### TASK BRIEF
Omit every picture, then give all the entries again exactly.

(Items listed in a dataset)
=== Section Start ===
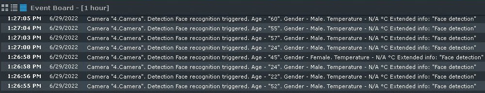 If you activate the age and gender information collection, its results will be displayed on the panel and saved into the System Log (see Configuring Face detection).
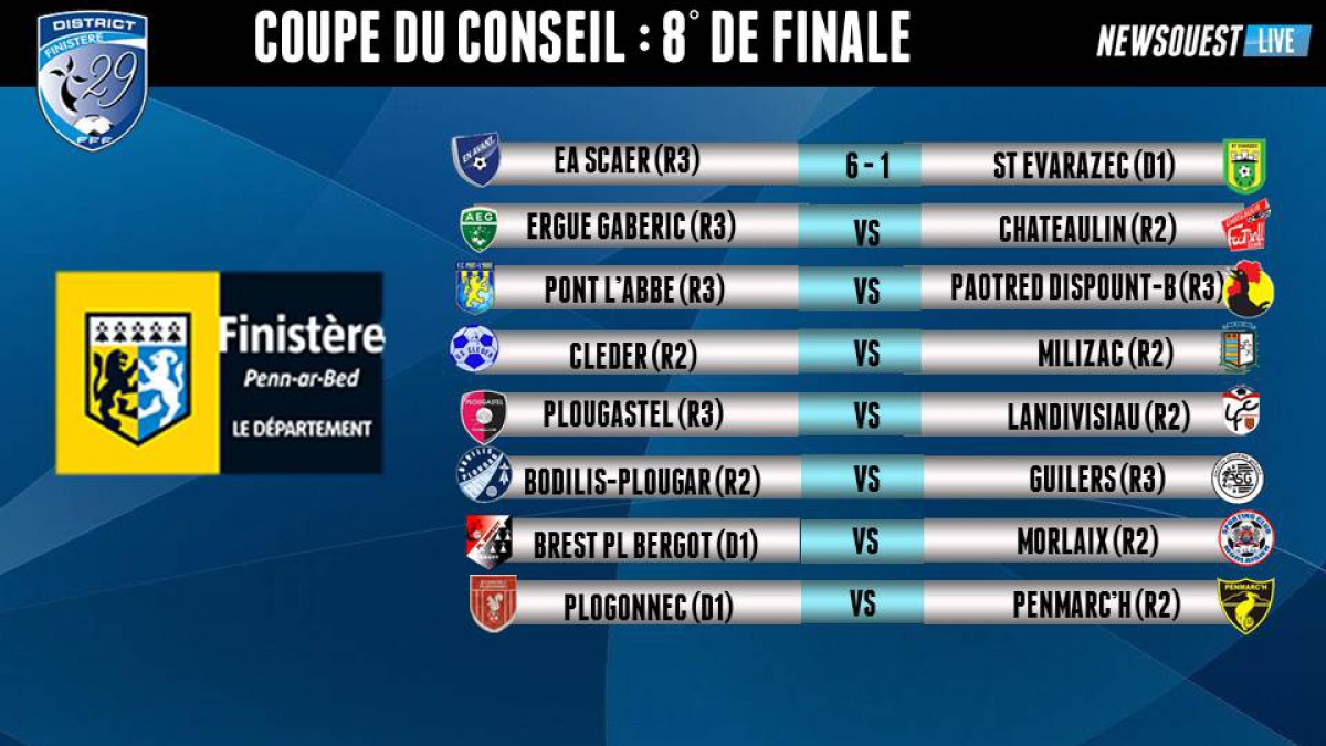 Le tirage au sort des 1/8 ème de finale de la Coupe du conseil vient d'officialiser les huit rencontres qui se joueront le jeudi 10 mai. Deux rencontres ont déjà eu lieu dimanche dernier 6 6 mai avec la victoire de Scaër face à Saint Evarzec 6 à 1. Mardi 8 mai aura lieu la rencontre entre Plogonnec et le CS Penmarc'h. Le tirage des ¼ et ½ finales auront lieu le mardi 15 mai au siège du district à Brest à 18h30, et en visio conférence du district à Quimper. Les clubs qualifiés y sont invités.
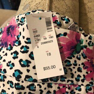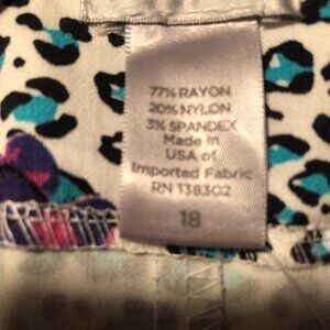 Bright floral print, size 18, super stretch, Rayon, nylon, spandex fabric.
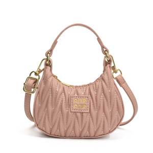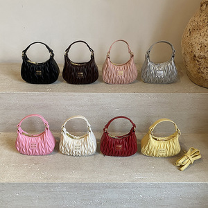 韓国風のシンプルな無地の女の子のショルダーバッグ、スタイリッシュなミニベビーポータブル脇の下バッグ、新しいプリーツ子供用バッグ
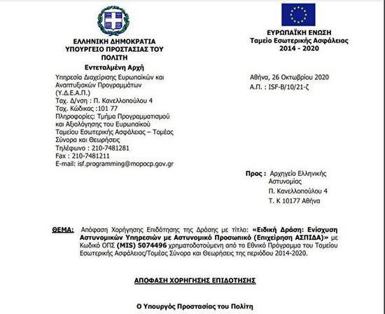 Δικαιούχος της επιδότησης είναι το αρχηγείο της ΕΛ.ΑΣ. Από τα 7,4 εκατομμύρια ευρώ, τα 6,7 εκατομμύρια ευρώ (δηλαδή το 90% του ποσού) χορηγούνται από την Ε.Ε. και συγκεκριμένα από το Ταμείο Εσωτερικής Ασφάλειας.
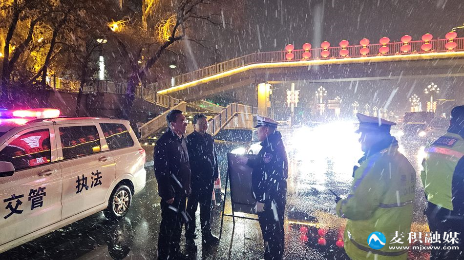 在秦麦高速麦积出口交通安全检查点,石生勃详细了解路面积雪清除、交通疏导、应急措施落实等情况,并对奋战在一线的交警同志表示感谢和慰问。他强调,雨雪冰冻天气道路交通事故易发频发,加之临近春节返乡高峰,车流量激增,各相关部门、单位要充分认识当前道路交通安全工作的重要性、紧迫性,树牢底线思维、靠实工作责任,细化完善方案、科学有效应对,全力以赴做好雨雪冰冻天气道路交通安全管理工作,切实保障人民群众生命财产安全和正常生产生活秩序。交管部门要坚持全警出动、全员上路,班子成员靠前指挥、一线调度,加强对重点区域、路段的全面巡查,积极有效疏导路面交通,严防发生交通拥堵和重大交通事故。要密切关注天气及道路通行情况,及时发布冰雪天气路况、交通管制、安全提示等信息,引导群众合理选择出行时间和行驶路线。要继续做好值班值守工作,备齐备足除冰扫雪等物资装备,确保遇到突发事件第一时间响应、快速高效处置,积极营造安全、有序的道路交通环境。
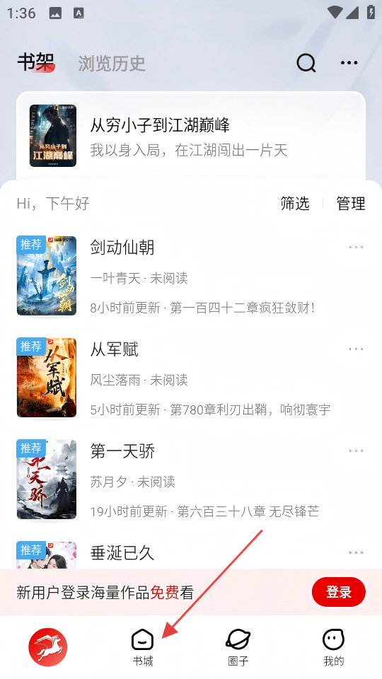 1、在应用页面,点击底部【书城】选项,进入书城页面。
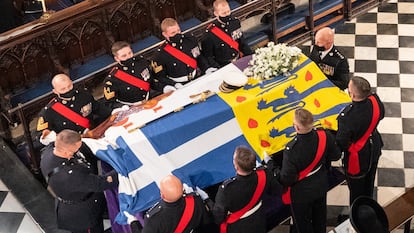 Desde el Land Rover que portaba su féretro a las puertas de la Capilla de San Jorge, en el Castillo de Windsor, hasta la música, pasando por los representantes militares que han desfilado y las lecturas religiosas. Fue el mismo Felipe de Edimburgo quien seleccionó por sí mismo todos los detalles de su funeral. Aun así, la ceremonia ha estado marcada por la pandemia, tanto por la brevedad como por la distancia de los 30 miembros de la casa real británica que han asistido al servicio religioso. El Gobierno británico había pedido a los ciudadanos que no acudieran a Windsor, para evitar concentraciones que infringieran las normas de distanciamiento social. Aun así, centenares de curiosos han merodeado por sus alrededores durante toda la mañana.
=== Section End ===
### WRITTEN RESPONSE
 If you activate the age and gender information collection, its results will be displayed on the panel and saved into the System Log (see Configuring Face detection).
 Le tirage au sort des 1/8 ème de finale de la Coupe du conseil vient d'officialiser les huit rencontres qui se joueront le jeudi 10 mai. Deux rencontres ont déjà eu lieu dimanche dernier 6 6 mai avec la victoire de Scaër face à Saint Evarzec 6 à 1. Mardi 8 mai aura lieu la rencontre entre Plogonnec et le CS Penmarc'h. Le tirage des ¼ et ½ finales auront lieu le mardi 15 mai au siège du district à Brest à 18h30, et en visio conférence du district à Quimper. Les clubs qualifiés y sont invités.
 Bright floral print, size 18, super stretch, Rayon, nylon, spandex fabric.
 韓国風のシンプルな無地の女の子のショルダーバッグ、スタイリッシュなミニベビーポータブル脇の下バッグ、新しいプリーツ子供用バッグ
 Δικαιούχος της επιδότησης είναι το αρχηγείο της ΕΛ.ΑΣ. Από τα 7,4 εκατομμύρια ευρώ, τα 6,7 εκατομμύρια ευρώ (δηλαδή το 90% του ποσού) χορηγούνται από την Ε.Ε. και συγκεκριμένα από το Ταμείο Εσωτερικής Ασφάλειας.
 在秦麦高速麦积出口交通安全检查点,石生勃详细了解路面积雪清除、交通疏导、应急措施落实等情况,并对奋战在一线的交警同志表示感谢和慰问。他强调,雨雪冰冻天气道路交通事故易发频发,加之临近春节返乡高峰,车流量激增,各相关部门、单位要充分认识当前道路交通安全工作的重要性、紧迫性,树牢底线思维、靠实工作责任,细化完善方案、科学有效应对,全力以赴做好雨雪冰冻天气道路交通安全管理工作,切实保障人民群众生命财产安全和正常生产生活秩序。交管部门要坚持全警出动、全员上路,班子成员靠前指挥、一线调度,加强对重点区域、路段的全面巡查,积极有效疏导路面交通,严防发生交通拥堵和重大交通事故。要密切关注天气及道路通行情况,及时发布冰雪天气路况、交通管制、安全提示等信息,引导群众合理选择出行时间和行驶路线。要继续做好值班值守工作,备齐备足除冰扫雪等物资装备,确保遇到突发事件第一时间响应、快速高效处置,积极营造安全、有序的道路交通环境。
 1、在应用页面,点击底部【书城】选项,进入书城页面。
 Desde el Land Rover que portaba su féretro a las puertas de la Capilla de San Jorge, en el Castillo de Windsor, hasta la música, pasando por los representantes militares que han desfilado y las lecturas religiosas. Fue el mismo Felipe de Edimburgo quien seleccionó por sí mismo todos los detalles de su funeral. Aun así, la ceremonia ha estado marcada por la pandemia, tanto por la brevedad como por la distancia de los 30 miembros de la casa real británica que han asistido al servicio religioso. El Gobierno británico había pedido a los ciudadanos que no acudieran a Windsor, para evitar concentraciones que infringieran las normas de distanciamiento social. Aun así, centenares de curiosos han merodeado por sus alrededores durante toda la mañana.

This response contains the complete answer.